# Lab02: Frequent itemset mining

- Student ID: 20127586
- Student name: Nguyễn Đình Pháp

**How to do your homework**


You will work directly on this notebook; the word `TODO` indicate the parts you need to do.

You can discuss ideas with classmates as well as finding information from the internet, book, etc...; but *this homework must be your*.

**How to submit your homework**

Before submitting, rerun the notebook (`Kernel` ->` Restart & Run All`).

Then create a folder named `ID` (for example, if your ID is 1234567, then name the folder `1234567`) Copy file notebook to this folder, compress and submit it on moodle.

**Contents:**

- Frequent itemset mining.

# 1. Preliminaries
## This is how it all started ...
- Rakesh Agrawal, Tomasz Imielinski, Arun N. Swami: Mining Association Rules between Sets of Items in Large Databases. SIGMOD Conference 1993: 207-216
- Rakesh Agrawal, Ramakrishnan Srikant: Fast Algorithms for Mining Association Rules in Large Databases. VLDB 1994: 487-499

**These two papers are credited with the birth of Data Mining**
## Frequent itemset mining (FIM)

Find combinations of items (itemsets) that occur frequently.
## Applications
- Items = products, transactions = sets of products someone bought in one trip to the store.
$\Rightarrow$ items people frequently buy together.
    + Example: if people usually buy bread and coffee together, we run a sale of bread to attract people attention and raise price of coffee.
- Items = webpages, transactions = words. Unusual words appearing together in a large number of documents, e.g., “Brad” and “Angelina,” may indicate an interesting relationship.
- Transactions = Sentences, Items = Documents containing those sentences.

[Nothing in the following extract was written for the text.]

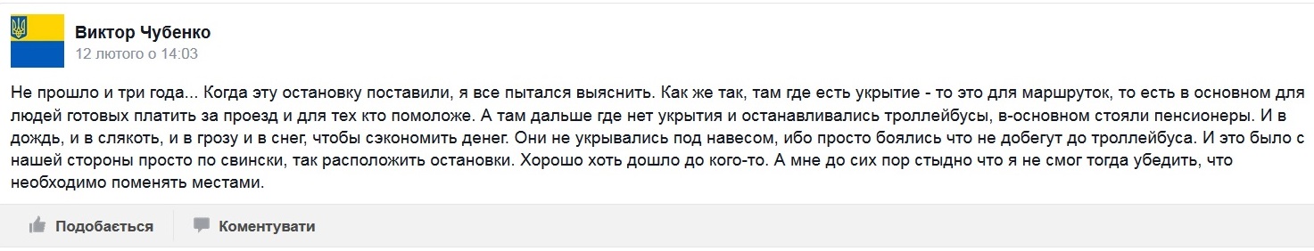 «Тепер тролейбусна зупинка розташована на початку – там, де зупинялися автобуси, а автобуси мають тепер зупинятися на 50 метрів далі – там де зупинялися тролейбуси... Але, якщо тролейбусники відповідально дотримуються змін і зупиняються у зазначених місцях, то приватні перевізники свідомо ігнорують ці зміни і зупиняються там де їм заманеться, тим самим створюючи незручності як самим пасажирам, які змушені бігати від зупинки до зупинки, так і водіям тролейбусів, не даючи їм можливості під’їхати і висадити пасажирів у зазначеному місці... Чому для когось правила існують і вони повинні їх дотримуватися, а інші мають право свідомо їх порушувати незважаючи ні на кого?», - пише Валерій Мироненко.

Items that appear together too often could represent plagiarism.

## Transactional Database
A transactional database $D$ consists of $N$ transactions: $D=\left\{T_1,T_2,...,T_N\right\}$. A transaction $T_n \in D (1 \le n \le N)$ contains one or more items and that $I= \left\{ i_1,i_2,…,i_M \right\}$ is the set of distinct items in $D$, $T_n \subset I$. Commonly, a transactional database is represented by a flat file instead of a database system: items are non-negative integers, each row represents a transaction, items in a transaction separated by space.

Example: 

1 2 3 4 5 6 7 8 9 10 11 12 13 14 15 16 17 18 19 20 21 22 23 24 25 26 27 28 29 

30 31 32 

33 34 35 

36 37 38 39 40 41 42 43 44 45 46 

38 39 47 48 

38 39 48 49 50 51 52 53 54 55 56 57 58 

32 41 59 60 61 62 

3 39 48 

63 64 65 66 67 68 



# Definition

- Itemset: A collection of one or more items.
    + Example: {1 4 5}
- **k-itemset**: An itemset that contains k items.
- Support: Frequency of occurrence of an itemset.
    + Example: From the example above, item 3 appear in 2 transactions so its support is 2.
- Frequent itemset: An itemset whose support is greater than or equal to a `minsup` threshold

# The Apriori Principle
- If an itemset is frequent, then all of its subsets must also be frequent.
- If an itemset is not frequent, then all of its supersets cannot be frequent.
- The support of an itemset never exceeds the support of its subsets.
$$ \forall{X,Y}: (X \subseteq Y) \Rightarrow s(X)\ge s(Y)$$


# 2. Implementation


## The Apriori algorithm
Suppose:

$C_k$ candidate itemsets of size k.

$L_k$ frequent itemsets of size k.

The level-wise approach of Apriori algorithm can be descibed as follow:
1. k=1, $C_k$ = all items.
2. While $C_k$ not empty:
    3. Scan the database to find which itemsets in $C_k$ are frequent and put them into $L_k$.
    4. Use $L_k$ to generate a collection of candidate itemsets $C_{k+1}$ of size k+1.
    5. k=k+1.

### Import library

In [None]:
from collections import defaultdict

### Read data
First we have to read data from database

In [None]:

def readData(path):
    """
    Parameters
    --------------------------
        path: path of database D.
         
    --------------------------
    Returns
        data: a dictionary for representing database D
                 - keys: transaction tids
                 - values: itemsets.
        s: support of distict items in D.
    """
    data={}
    s=defaultdict(lambda: 0) # Initialize a dictionary for storing support of items in I.  
    with open(path,'rt') as f:
        tid=1;
        for line in f:
            itemset=set(map(int,line.split())) # a python set is a native way for storing an itemset.
            for item in itemset:  
                s[item]+=1     #Why don't we compute support of items while reading data?
            data[tid]= itemset
            tid+=1
    
    return data, s

### Tree Projection

**I gave you pseudo code of Apriori algorithm above but we implement Tree Projection. Tell me the differences of two algorithms.**


**TODO:**

In [None]:
def joinset(a, b):
    '''
    Parameters
    -------------------
        2 itemsets a and b (of course they are at same branch in search space)

    -------------------
    return
        ret: itemset generated by joining a and b
    '''
    # TODO (hint: this function will be called in generateSearchSpace method.):
    #ret = set(a).union(set(b))
    ret = list(set(a) | set(b))
    return ret

class TP:
    def __init__(self, data=None, s=None, minSup=None):
        self.data = data
        self.s = {}

        for key, support in sorted(s.items(), key=lambda item: item[1]):
            self.s[key] = support
        # TODO: why should we do this, answer it at the markdown below?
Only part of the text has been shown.